For Avengers it may be something to do with the way various school holidays and public holidays fall here or in the US affecting when this was scheduled, in both countries.

It's awesome BTW. No one mentions it's over 2 hours long as it FLIES by.

Let Joss do his take on Wonder Woman!
 

jlee562

Sr Member
International is everywhere outside the U.S. from your point of view isn't it?
You must be acting intentionally obtuse. Let's review the responses to my initial comment:
I really don't think that the creators of Jersey Shore said 'We'll kill in the European markets with this!'. The masses who make shows like that popular are the reason that movies have been dumbed down. Not Europe. :rolleyes
i think some people here should rethink their oppinions. dumbing down movies for europe is just plain offensive. also, i dont see why this is a problem, as its usually the other way around with releases, see my previous comment.
Now, where in the OP did it specify Europe? Where in my post did I specify Europe?

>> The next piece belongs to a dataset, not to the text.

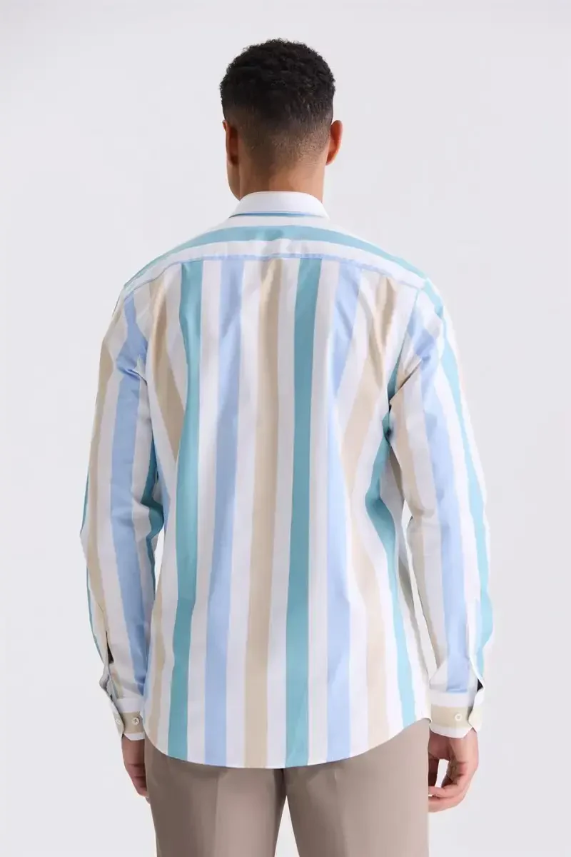 **Beige Slim Fit Striped 100% Cotton Shirt** Combining comfort and style with its 100% cotton texture, this striped shirt will be a staple in your wardrobe. **Product Features:** * Made from 100% natural cotton. * Slim fit pattern perfectly fits your body and gives you a stylish look. * Offers a classic style with its striped pattern combining white and beige tones. * Provides functionality with its four-buttoned front placket and two chest pockets. * M size is used on a mannequin with a height of 187 cm and a weight of 78 kg. * The mannequin has a shoulder width of 120 cm and a chest circumference of 100 cm. Thanks to its 100% cotton fabric, it is breathable and leaves a soft feeling on your skin. With its slim fit pattern, it emphasizes your body lines and creates a stylish and modern look. The striped pattern in white and beige tones adapts to both classic and contemporary environments. You can easily use this beige slim fit striped 100% cotton shirt in all kinds of environments, from daily life to special invitations, and feel comfortable without compromising your elegance.

Neither the OP, nor my initial response singled out Europe. Therefore the two responses which talk about Europe are either red herrings, or straw man fallacies.

Hence my response "who said anything about Europe?" As my second post made clear, it's actually not about Europe and really more about Asia than anything else.

If anything, European films are being dumbed down for American audiences. See, for example, Luc Besson's Taxi series in France, and the American reboot with Jimmy Fallon and Queen Latifah.

Different word, same implication. Sounds as if you implying that the rest of the world wouldn't understand the plot if the film was made with an all American audience in mind, so the plot is simplified therefor diminishing quality in order to generate more profit.

:unsure
No, I am implying exactly what I said in my second post.

Films now routinely gross more outside the US than they do inside the US. Look at this from a strictly economic point of view. If you're marketing a product to one country, you have to find a profitable demographic in that country. But if you're marketing a product globally, you have to find a profitable demographic in many countries, with different cultural sensitivities, different cultural understandings, and different meanings.

Look, it's easy for you to cut out the first sentence of my explanation and put in a some counter argument, but you're not actually dealing with what my argument is. And the argument I'm making is not really all that controversial, and intuitive in terms of economics.

If the largest segment of movie goers in Japan are middle aged women, and the largest segment of movie goers in the US are young adults 18-34, if you're making a big budget Hollywood film, you're really going to sit there and say that you're not going to find a common denominator between those two groups?

Now extrapolate that to every other country that the film is going to be seen in.

And look at the movies that are grossing huge overseas. It's the big budget blockbuster films. Avengers, Avatar, Harry Potter, etc, etc, etc. It's not The Tree of Life (voted best film by Sight & Sound for 2011). Heck, it's not even The Artist. Now look, I like explosions and fun films as much as the next guy, but I'm also not going to say that they are qualitatively equivalent to the artistic value found in any number of films that don't gross a bazillion dollars.